Examples of LOHC systems include the hydrogenation of organic materials, the formation of alcohols with carbon monoxide, coupling with oils, or even the use of ammonia as a hydrogen carrier.

The fuel cell

After BMW’s failed project, everyone thought that burning hydrogen in an internal combustion engine was a mistake, that there was no chance of a manufacturable and profitable implementation.

Therefore, research has unanimously turned towards the hydrogen cell.

A fuel cell (also known as a fuel cell) is a chemical power source in which the power-generating process is the oxidation of some fuel (e.g. natural gas, diesel, coal, hydrogen, alcohol). It is therefore a misconception that we can only use hydrogen in the fuel cell. Hydrogen stands out from the other options in that water is produced at the end of the process, so it has no negative impact on the environment.

Methanol fuel cell (source: www.wikipedia.org)

 Fuel cells differ from galvanic cells because during their operation, the materials involved in the current-generating reaction are continuously fed in and the resulting products are discharged, so in contrast to galvanic cells, they do not “worn out”.

What is also attractive about the fuel cell is that its efficiency is very high – significantly higher than that of internal combustion engines.

One of the two main problems is that the overall efficiency of hydrogen production is not nearly as great (similar to battery electric cars).

Toyota Mirai (source: www.toyota.hu)

The other problem is that the fuel cell requires many materials which are very rare and moreover, their production involves huge costs. One of the most illustrious examples of these is platinum, for which experiments have been going on for years.

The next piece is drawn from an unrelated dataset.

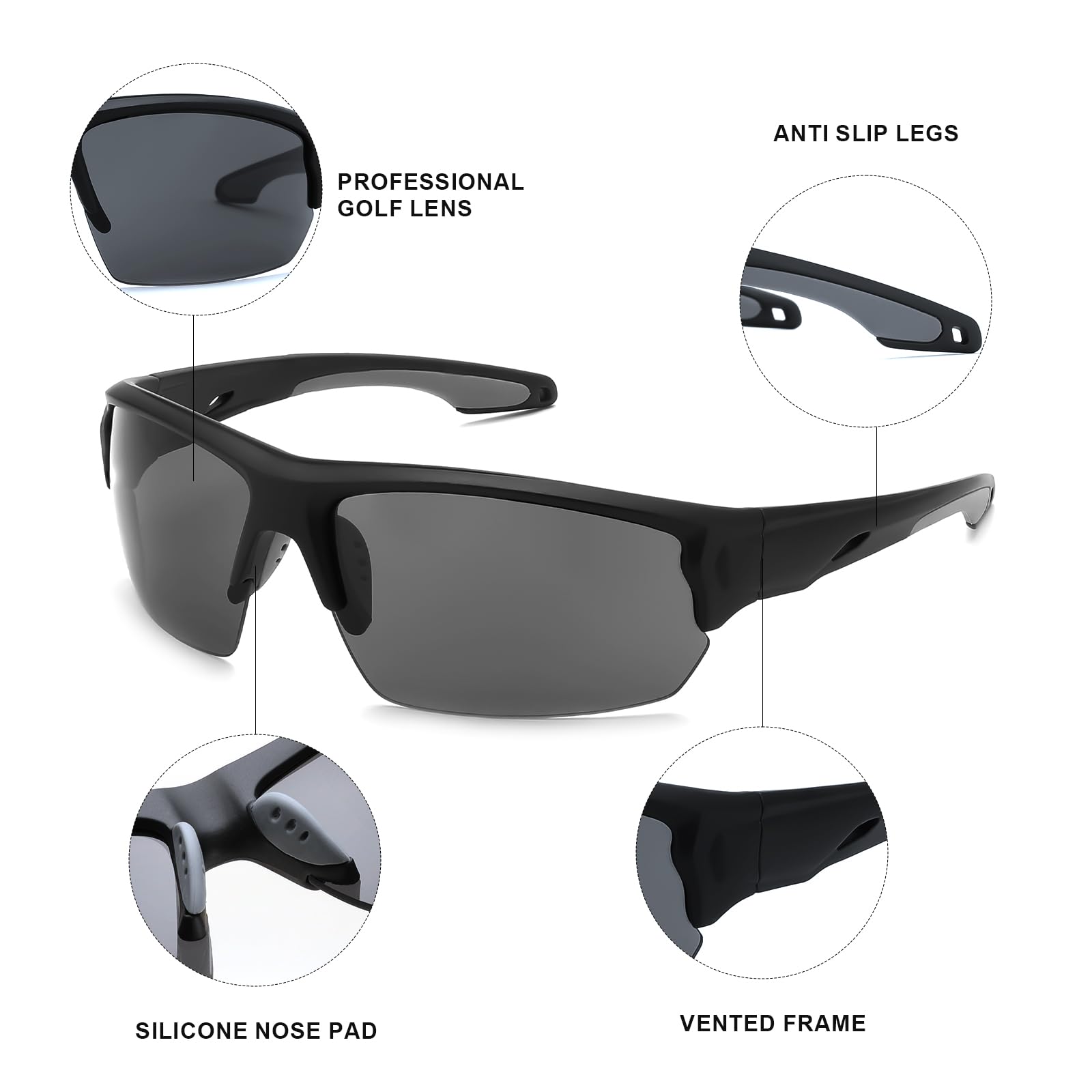 - Comfortable PC Frame:Peculiar PC material frame has extremely high impact resistance,which can effectively protect the glasses even during sports or small collisions;anti-slip temples will ensure the glasses stay firmly in position when you swing;with a super light weight,they provide a comfortable wearing experience in all day

Although the development of the hydrogen network still leaves much to be desired, today it is possible to buy a passenger car with a hydrogen cell (see: Toyota Mirai). Their future distribution is still in question.

Back to the internal combustion engine

However, the transition to alternatives solutions encountered unexpected obstacles, especially in freight transport. Increasingly, it seems that we are nowhere near the battery energy density which would be ideal for a heavy truck.

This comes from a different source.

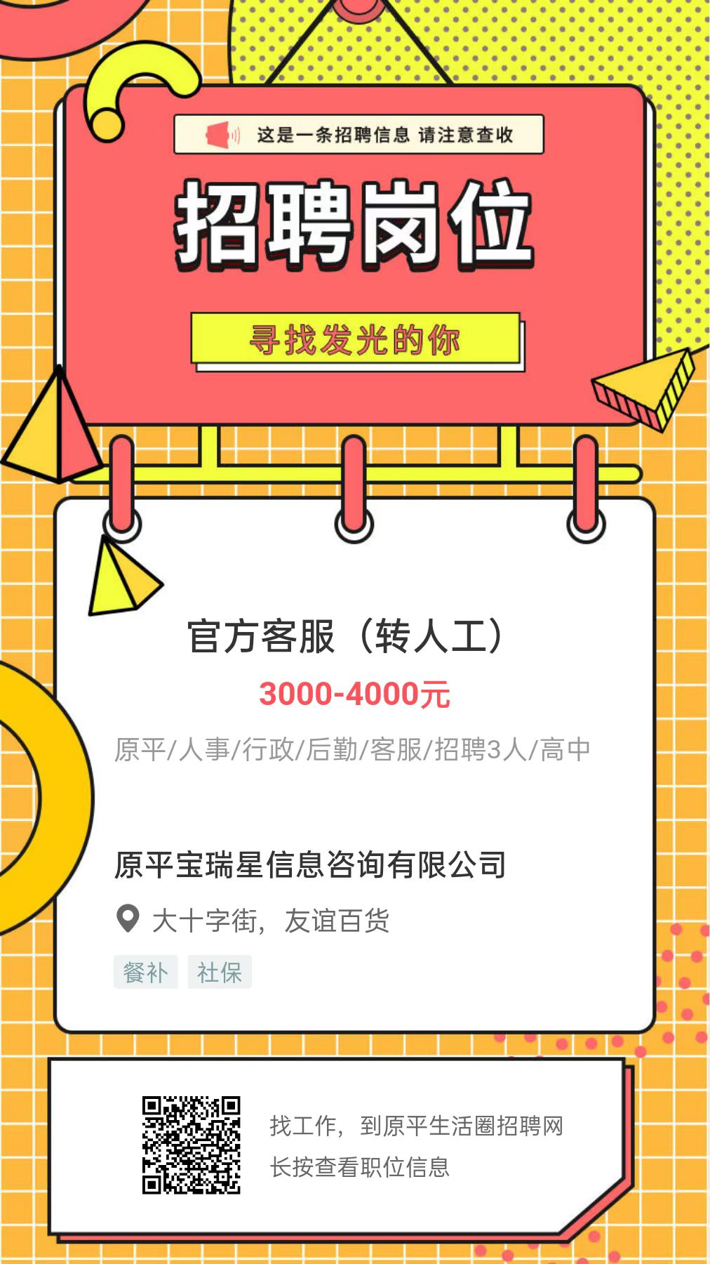 >【最新招聘】原平宝瑞星信息咨询有限公司招聘官方客服(转人工)
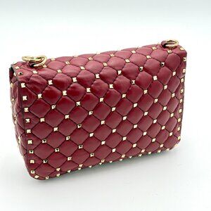 Valentino Garavani Rockstud Spike Red 2 Way Shoulder Bag Leather Handbag

That’s why many companies have got out internal combustion engines to make them suitable for burning hydrogen.

Developers of heavy vehicles are trying to transform the cylinder head of the diesel engine this time, while Toyota came up with a hydrogen-powered Corolla, what was entered in a 24-hour race too.

It is not yet clear whether this solution will fit into the zero emission conditions of 2035, since all the carbon dioxide with the lubricant will still leave  with the exhaust.

In any case, it will be interesting to see which technologies continue to write the history book of vehicles.